Hugo is on the side of knowledge and the mastermind behind trying to get the truth to the people. To view this character from an avowed Jewish filmmaker through an admittedly Christian lens may not seem fully appropriate, but the is enough shared stories between the two faiths that the result remains the same. Much of Hugo’s work is left cloudy and at arm’s length from the audience – God works in mysterious ways, after all – and while we trust his motivations are altruistic simply because he is not Noah, like the snake in the Garden of Eden, he wants to lead humanity towards knowledge; not of good and evil, but of alien visitations here on Earth. Ultimately, though, this proves to be a benevolent act as the knowledge and culture of the alien race that has touched down on our planet is one rooted in compassion which is at the core of the Abrahamic faiths.

For the finale of Disclosure Day, the narrative is turned over to Courtney Grace, an NBC anchorwoman tasked with narrating the titular disclosure of the lifted Wardex files to the nation, and then the world. After two hours of nonstop chase sequences and some alien wonder, Spielberg slams on the breaks for a showstopping-in-its-quiet sequence. With his hooks in us, it is hard not to be swept up in the emotion and stunning awe of the news that is being revealed to us; decades worth of alien encounters in which at each instance, humanity has treated these visitors as something less than ourselves. To give our species the benefit of the doubt, perhaps we were acting out of fear, but the result was violence, and presented in this way, there are unmistakable allusions towards war reporting, and more specifically, genocide. Despite this, Spielberg’s inclinations to add an extra spoonful of sugar to his stories finally win out after a story that teeters into outright horror, and to see a world unified by this event – while admirable – seems too farfetched in such a striated society. To see the world united and not just watching the same event, but also be on the same page with one another is a pipe dream, but an admirable one from a man who still believes in the sanctity of institutions as seen in some of these later works such as Lincoln (2012) and The Post (2017), but nuggets of his altruism can be found across his entire body of work.

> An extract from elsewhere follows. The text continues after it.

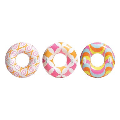 Napuhavajući prsten za plivanje Intex promjera 114 cm izrađen je od vinila debljine 0,25 mm i opremljen je s dvije ručke radi lakšeg držanja. Prsten je namijenjen za korištenje na plaži ili u bazenu i podržava maksimalnu težinu od 100 kg. Uz prsten dolazi i set za popravak. Preporučena dob korisnika je od 9 godina naviše.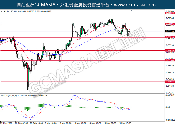 20200306 AUDUSD-午间 by keyk | Mar 6, 2020 | 澳元兑美元 | 0 comments GCMAsia - AUDUSD AUDUSD 2020-03-06 AUDUSD, H1:澳美触底反弹上行。MACD空头动能略减,短期继续关注多头反弹为主。上方关注0.6620压力和0.6650压力,下方关注0.6580支撑和0.6545支撑。

That farfetched nature of the story, though, is the point. Disclosure Day is the Lisa Frank sibling to Yorgos Lanthimos’ emo sibling, Bugonia (2025), which also chronicled an alien’s fraught time here on Earth. Spielberg’s film is a desperate wakeup call to the audience not to be complacent and allow for the annihilation shown in Lanthimos’ work, and this rallying cry works well as a feather in the director’s cap. So many of Spielberg’s films center around the notion of cohabitation; seeking understanding and finding ways that we can all share in our Earth and our resources together, and where the antagonists are those who reject their own nature. Through history, spectacle, wild fantasy, and science fiction, Spielberg, in one word sums up the through line of his entire filmography – listen. Listen to each other. Listen to nature. Listen to what goes unsaid. It is only by taking that moment to step back and listen to our neighbors and our surroundings that we can continue to move forward as a terrestrial species. In this way, his trademarked saccharinity is a relief compared to Lanthimos’ pessimism because we leave the auditorium with a tangible sense that we are all connected to each other, not just because we shared in the experience of witnessing along with these characters the truth of our universe, but because we all truly are stewards of this one great, green planet which we call our home among the stars.